Navigate to the model’s page on Hugging Face, and copy the Git URL (found under the "Use in Transformers" section). Then, clone the repository using:

git lfs install
git clone https://huggingface.co/<model_name>

For example, to clone the bert-base-uncased model:

git lfs install
git clone https://huggingface.co/bert-base-uncased

This will download the entire model repository, including all files and metadata.

6. Caching Models Locally

When you download models using the transformers library, they are cached locally in the ~/.cache/huggingface/transformers directory.
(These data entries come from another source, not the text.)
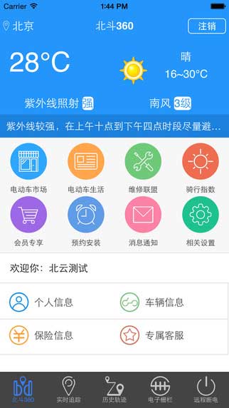 北斗360app1.0.9特色: 1、运程断电执行设备可通过手机远程控制电动车电路,有效的防止盗抢。 2、自动记录电动车行驶记录,回放过程可查看当时车速,方向,等信息。 3、定期推出针对会员的各项线下特惠商品、活动,为会员提供更多优惠及福利。
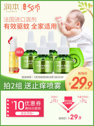 润本 无味电热驱蚊液 4液+1器,植物精油萃取,无烟无味安全,无刺激,母婴适用,长效驱蚊,一夏无忧~商家领券拍下24.9元包邮
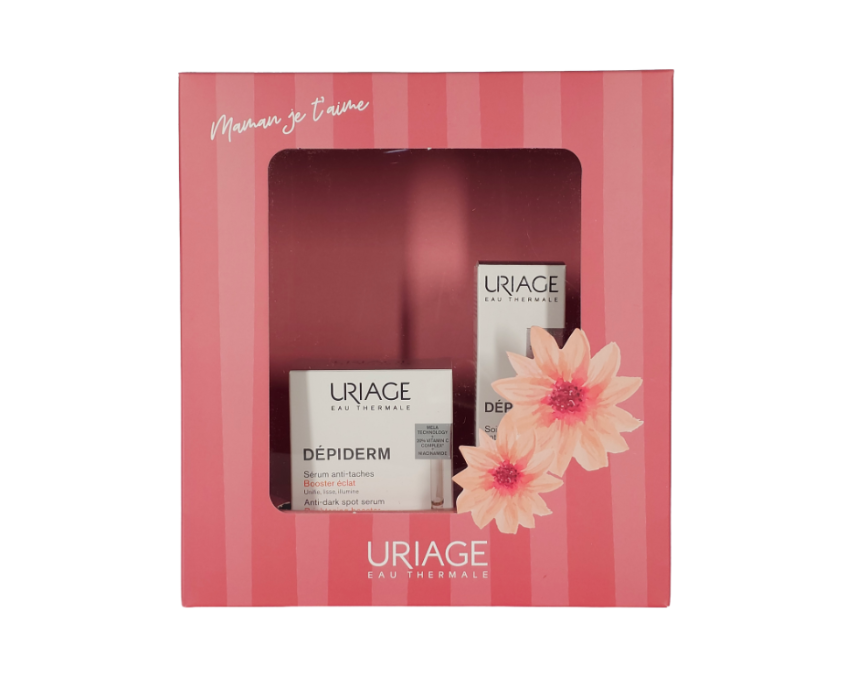 The Uriage Depiderm Coffret is a brightening and protective skincare set featuring a high-SPF day cream and depigmenting serum. The SPF50 cream hydrates and shields skin from UV damage, while the serum targets dark spots and promotes an even, radiant complexion. Enriched with Uriage thermal water, both formulas soothe and strengthen the skin barrier for sensitive or pigmented skin with daily use.
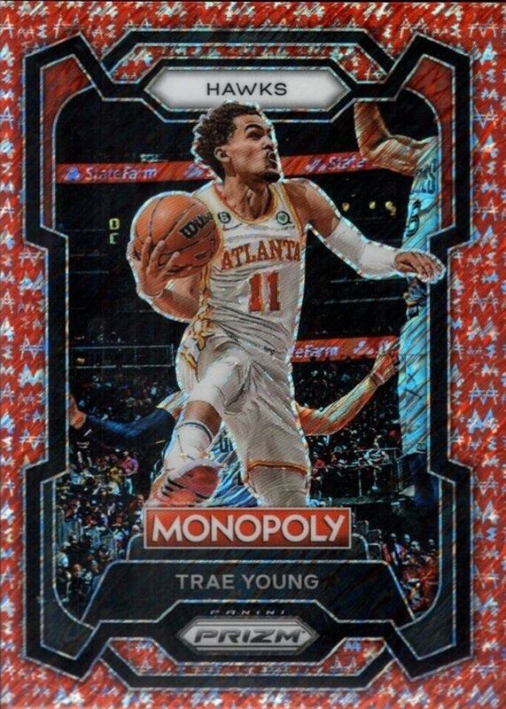 Best Prices Available For Sale of Trae Young 2023 Prizm Monopoly #4 Red Millionaire Shimmer /100

You can specify a custom cache directory by setting the TRANSFORMERS_CACHE environment variable:

export TRANSFORMERS_CACHE=/path/to/custom/cache

Alternatively, you can pass the cache_dir argument when loading the model:

model = AutoModel.from_pretrained("bert-base-uncased", cache_dir="/path/to/custom/cache")

7. Handling Large Models

Some models on Hugging Face are very large (e.g., GPT-NeoX, LLaMA). If you’re working with large models, consider the following:

Quantized Models: Some models have quantized versions (e.g., GGUF format) that reduce the size and improve inference speed. You can find these versions on the model’s page.
Streaming Downloads: The transformers library supports streaming downloads for large models, which can help reduce memory usage during the download process.

8. Conclusion

Downloading models from Hugging Face can be done in several ways, depending on your needs:

Web Interface: Use the Hugging Face website to manually download model files.
CLI: Use the huggingface-cli tool to download models from the terminal.
Python: Use the transformers library to programmatically download and load models.
Git: Clone the entire model repository using git.

Each method has its own advantages, and the best choice depends on your workflow. If you’re working in Python, the transformers library is the most convenient option, while the CLI or Git may be better for manual downloads or offline use.

By following these steps, you can easily download and use models from Hugging Face for a wide range of NLP tasks!